- Directed by: Raúl Ruiz
- Produced by: Silvia Voser
- Cinematography: Jacques Bouquin
- Edited by: Valeria Sarmiento
- Music by: Jorge Arriagada
- Release date: November 16, 1997;
- Running time: 9 minutes
- Country: France
- Language: French

= Le film à venir =

The Film to Come (French: Le film à venir) is a 1997 French short film directed by Raúl Ruiz. The story concerns a cult that continuously watches a 23-second long film in a neverending loop. The film has no dialogue; instead, an ever-changing narrator gives a first-person account of his experience with the cult.

== Plot ==
For the last seven years, a group of people who call themselves the Philokinetes have been ritualistically screening a 23-second long fragment of film called "The Film to Come". In the so-called "Room of Clocks," devotees watch the fragment over and over again in order to enter a hypnotic state in which there is no difference between film and reality.

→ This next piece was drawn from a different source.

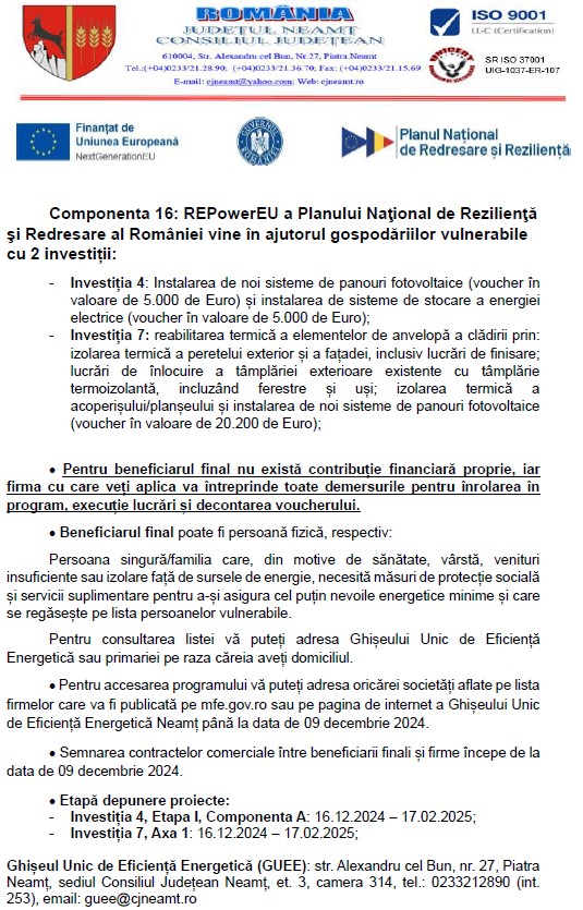 Prin Hotărârea  Consiliului Județean Neamț nr. 193/2024 a fost aprobată înființarea Ghișeului Unic de Eficiență Energetică (GUEE) având ca scop implementarea investițiilor I4: Schemă de granturi sub formă de bonuri valorice pentru accelerarea utilizării energiei din surse regenerabile de către gospodării şi I7: Schema de granturi sub formă de bonuri valorice pentru îmbunătățirea eficienței energetice a gospodăriilor din componenta 16: REPowerEU a Planului național de reziliență şi redresare al României.

The narrator encounters the Philokinetes in search of his missing daughter, who went missing during a screening. Upon having a vision of his daughter within the pages of the Philokinetes' sacred books, he falls into a deathlike fugue, understanding that he has become a part of the sacred film.

== Cast ==
- Féodor Atkine (voice)
- Jean-Yves Gauthier (voice)
- Hubert Saint-Macary (voice)
- Gérard Vincent
- Margot Marguerite
- Edouard Waintrop
- Abdelwaheb Meddeb
- Guy Scarpetta
- Bernard Pautrat
- Waldo Rojas

== Reception ==
Despite its limited release, Le film à venir drew some praise for its application of Ruiz's own theory of "shamanic cinema," in which he articulated the idea that film can be transformative in the same fashion as older forms of orally-transmitted culture.